─── DATASET RECORDS

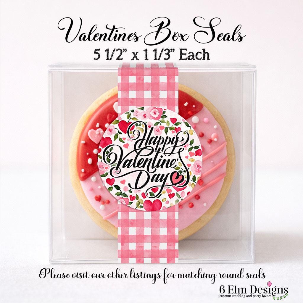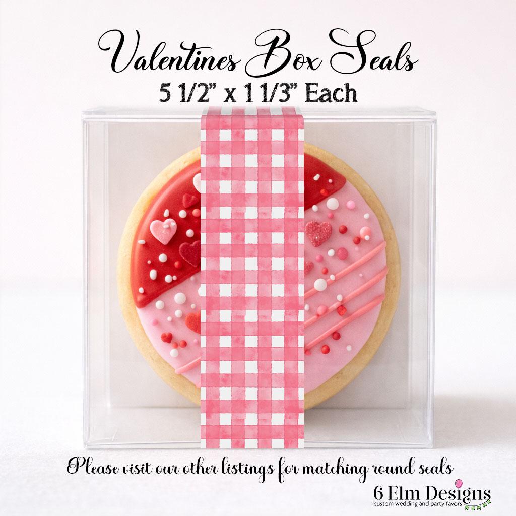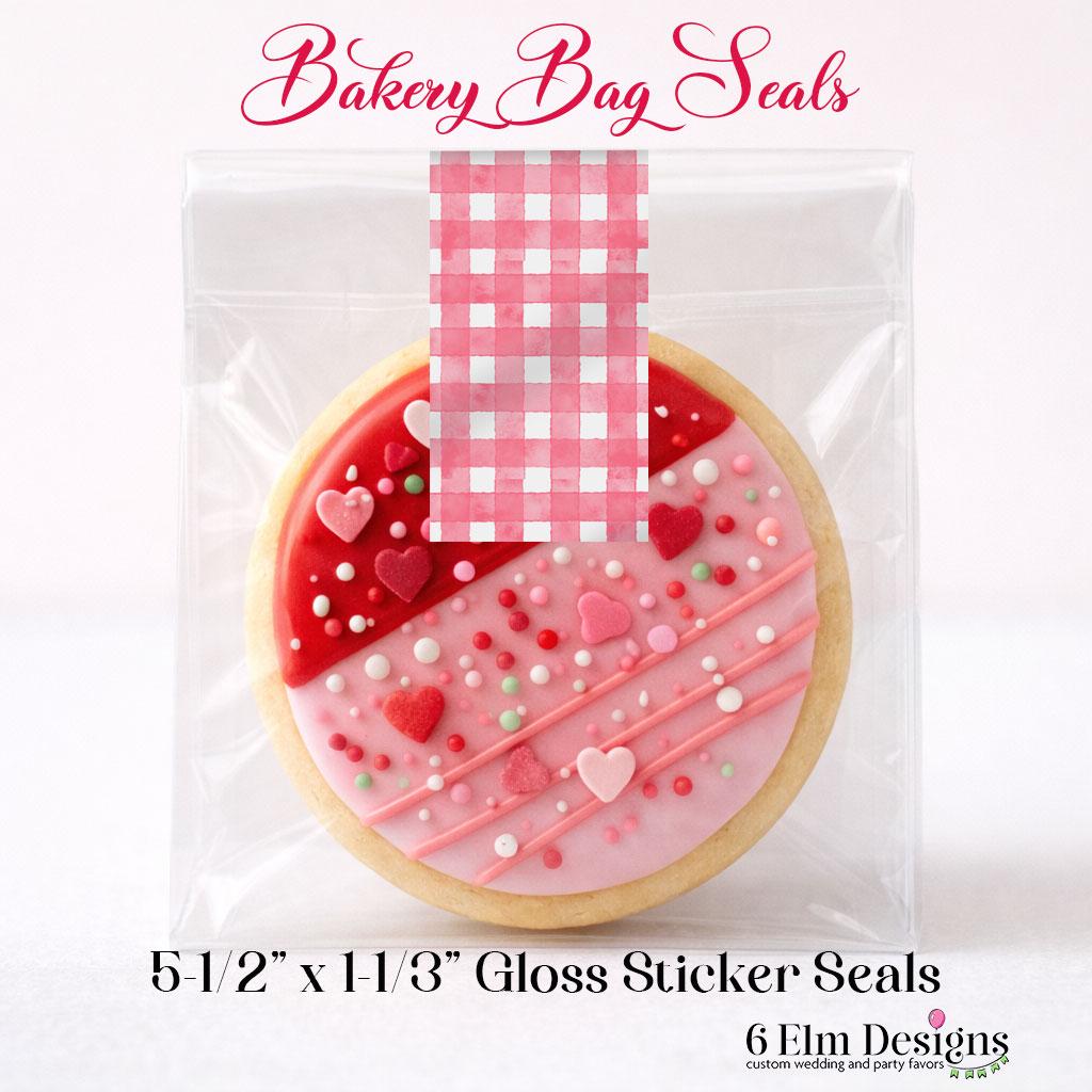 Valentines Sticker Strips: Pink Gingham Cookie & Treat Box Seals - 10 Pack Bakery Box Stickers - Cake Pop Seals
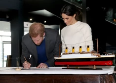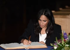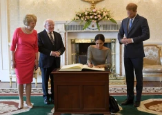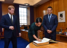 Princis Harijs un Megana Mārkla parakstās viesu grāmatās
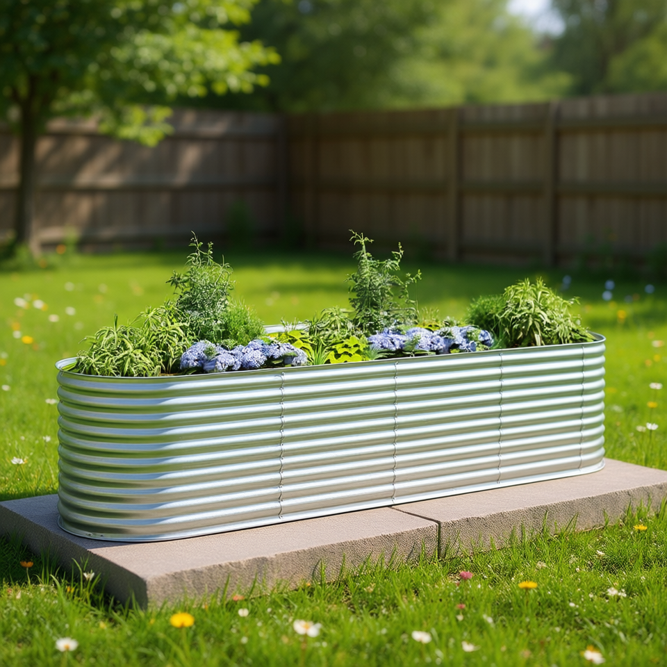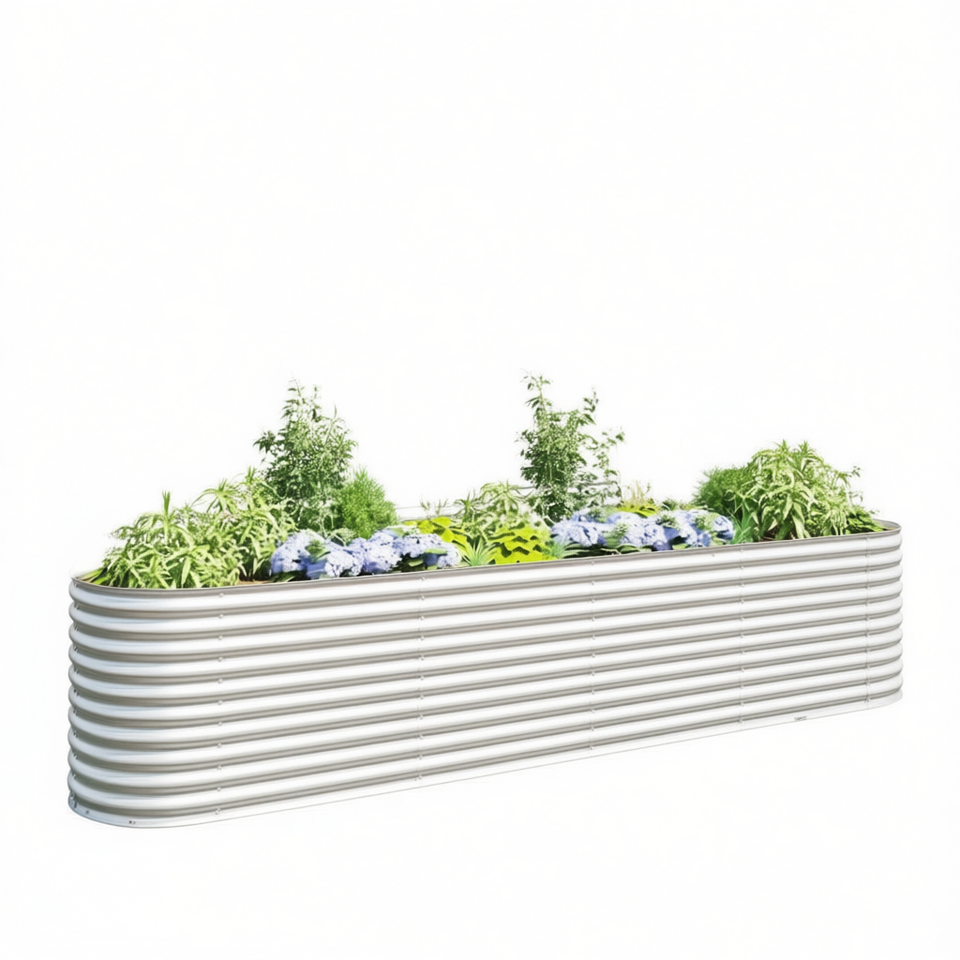 Silver Galvanized Steel Elliptical Raised Bed Garden Planter For Flowers And Green Plants
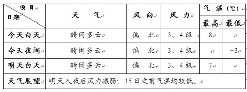 生活提示:今日风力较昨日明显减弱,但人体感觉依然寒冷,外出请注意防风保暖。
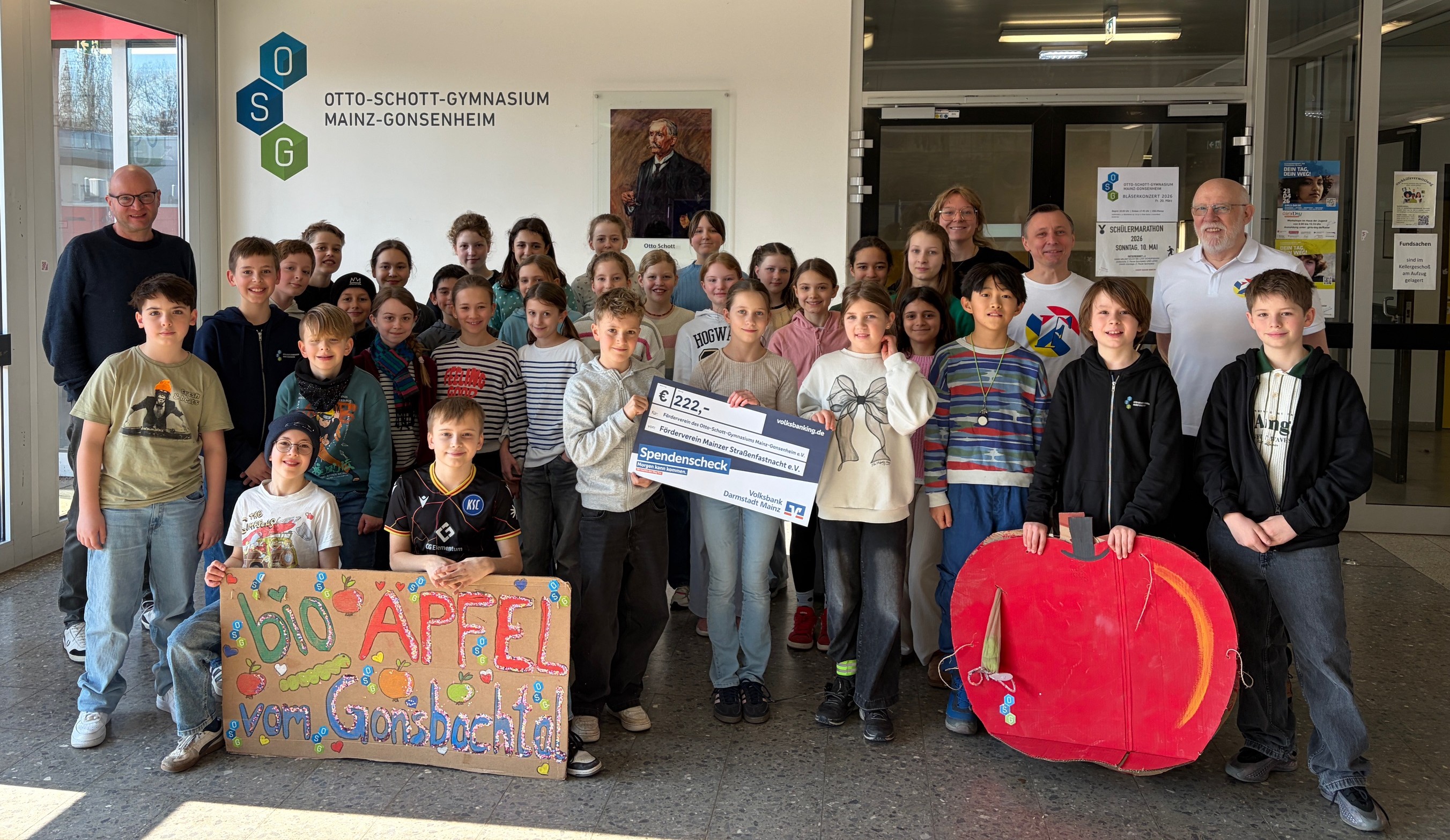 Am Mittwoch, dem 18.03.2026, wurden unsere Schülerinnen und Schüler, die verkleidet als „Bioäpfel vom Gonsbachtal“ am Jugendmaskenzug teilgenommen hatten, vom Förderverein Mainzer Straßenfastnacht e.V. für ihren besonders kreativen Beitrag ausgezeichnet und mit einem Scheck in Höhe von 222 € belohnt. Die Schulgemeinschaft gratuliert herzlich!
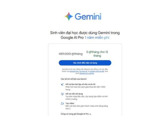 Google tặng 1 năm miễn phí gói Gemini Pro cho sinh viên đại học cả nước
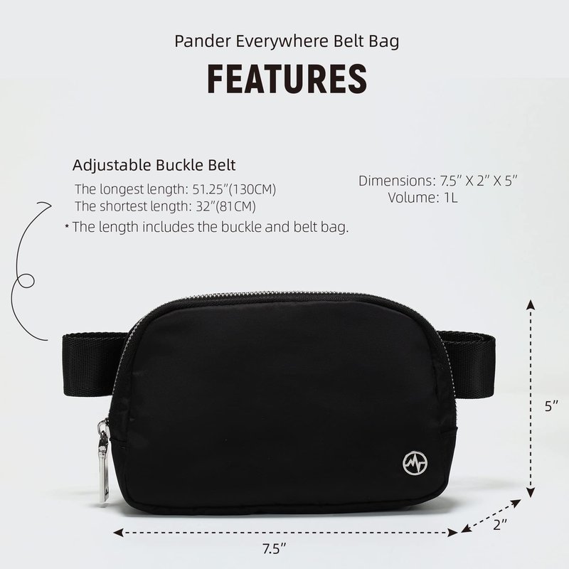 - ✅ MATERIAL - PANDER everywhere mini belt bag are made of nylon fabric, which is water resistant and anti-abrasion, ensure a long-lasting usage. The finest quality zipper would allow to get into the bag without worrying about dumping the contents.
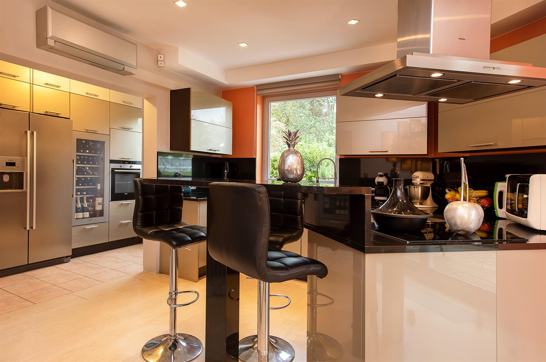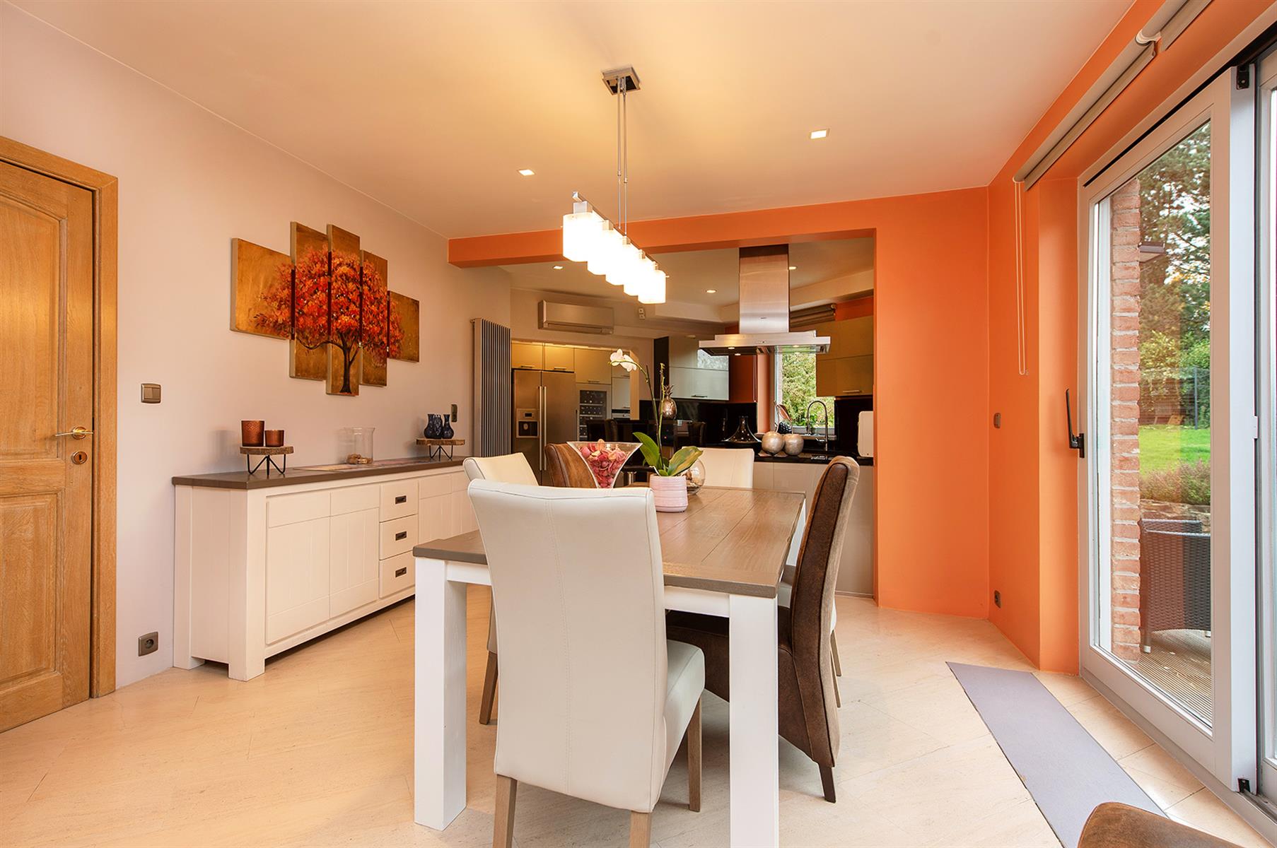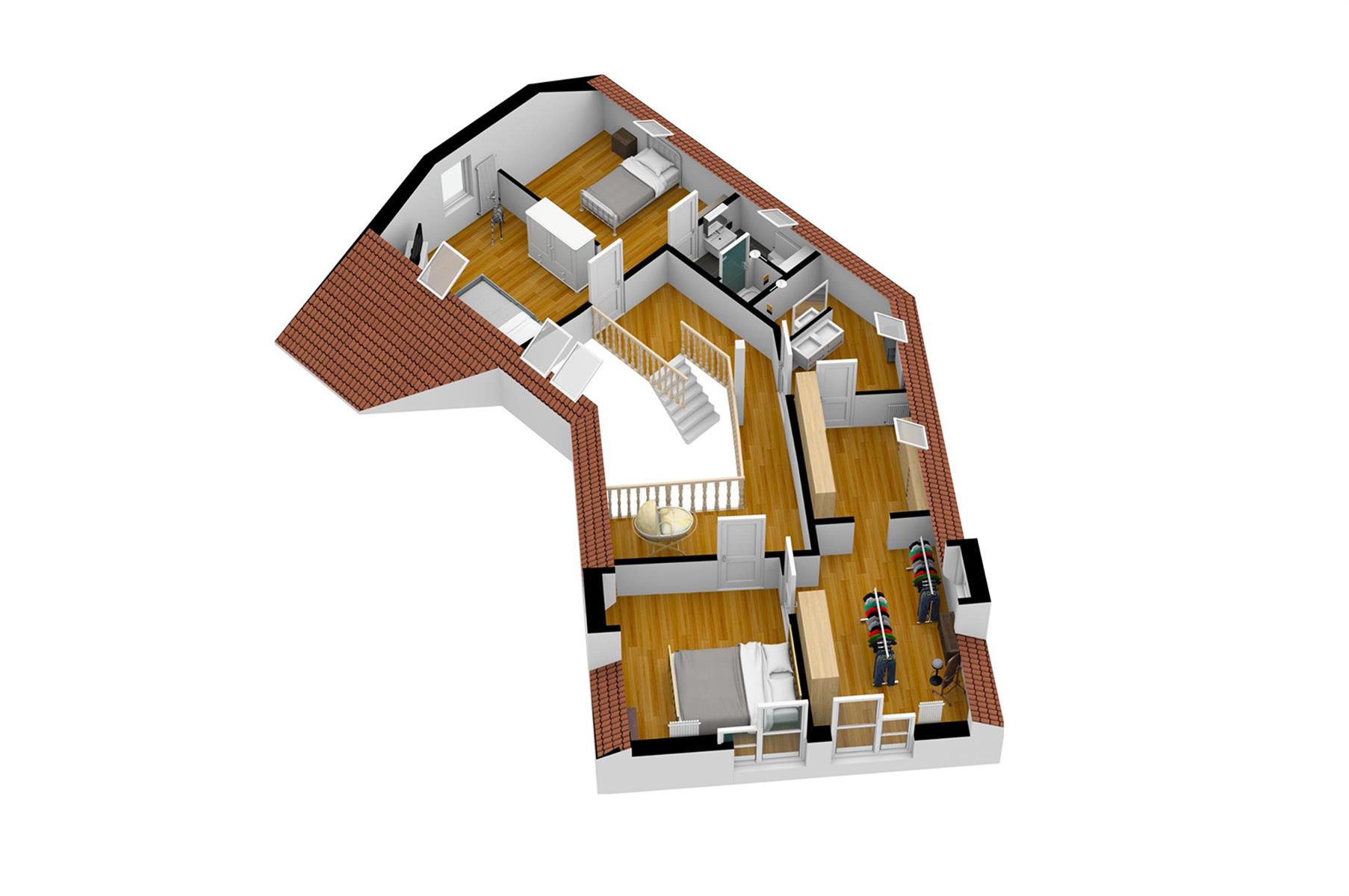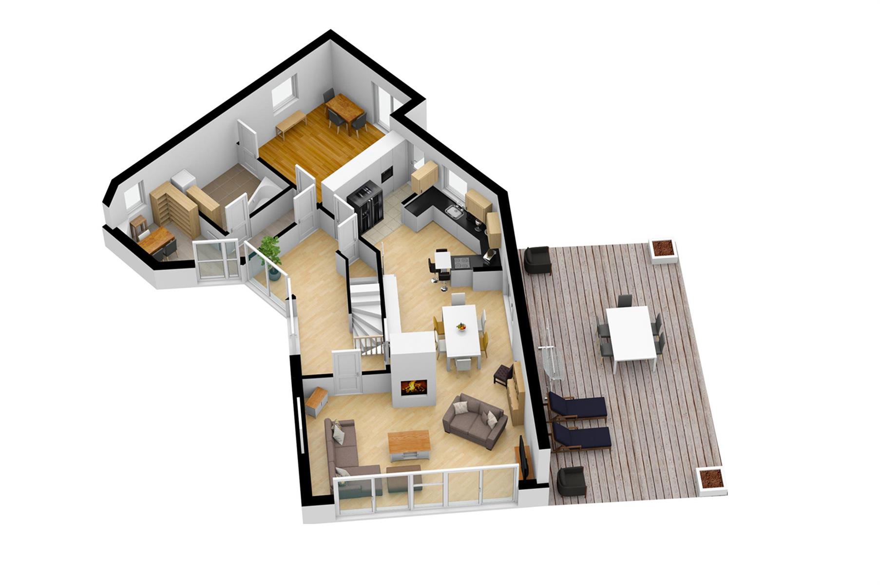 – Rez : hall d’entrée, vaste séjour agrémenté d’une cassette aux pellets, salle-à-manger, cuisine, buanderie, bureau, 1chambre, salle de bains et wc séparé.

──────

_REQUIREMENT:_ Please repeat, exactly and with nothing else, the lines from the one containing "Princis Harijs un" to the last line of the entries, both included, excluding any pictures.

_WRITTEN SOLUTION:_
 Princis Harijs un Megana Mārkla parakstās viesu grāmatās
 Silver Galvanized Steel Elliptical Raised Bed Garden Planter For Flowers And Green Plants
 生活提示:今日风力较昨日明显减弱,但人体感觉依然寒冷,外出请注意防风保暖。
 Am Mittwoch, dem 18.03.2026, wurden unsere Schülerinnen und Schüler, die verkleidet als „Bioäpfel vom Gonsbachtal“ am Jugendmaskenzug teilgenommen hatten, vom Förderverein Mainzer Straßenfastnacht e.V. für ihren besonders kreativen Beitrag ausgezeichnet und mit einem Scheck in Höhe von 222 € belohnt. Die Schulgemeinschaft gratuliert herzlich!
 Google tặng 1 năm miễn phí gói Gemini Pro cho sinh viên đại học cả nước
 - ✅ MATERIAL - PANDER everywhere mini belt bag are made of nylon fabric, which is water resistant and anti-abrasion, ensure a long-lasting usage. The finest quality zipper would allow to get into the bag without worrying about dumping the contents.
 – Rez : hall d’entrée, vaste séjour agrémenté d’une cassette aux pellets, salle-à-manger, cuisine, buanderie, bureau, 1chambre, salle de bains et wc séparé.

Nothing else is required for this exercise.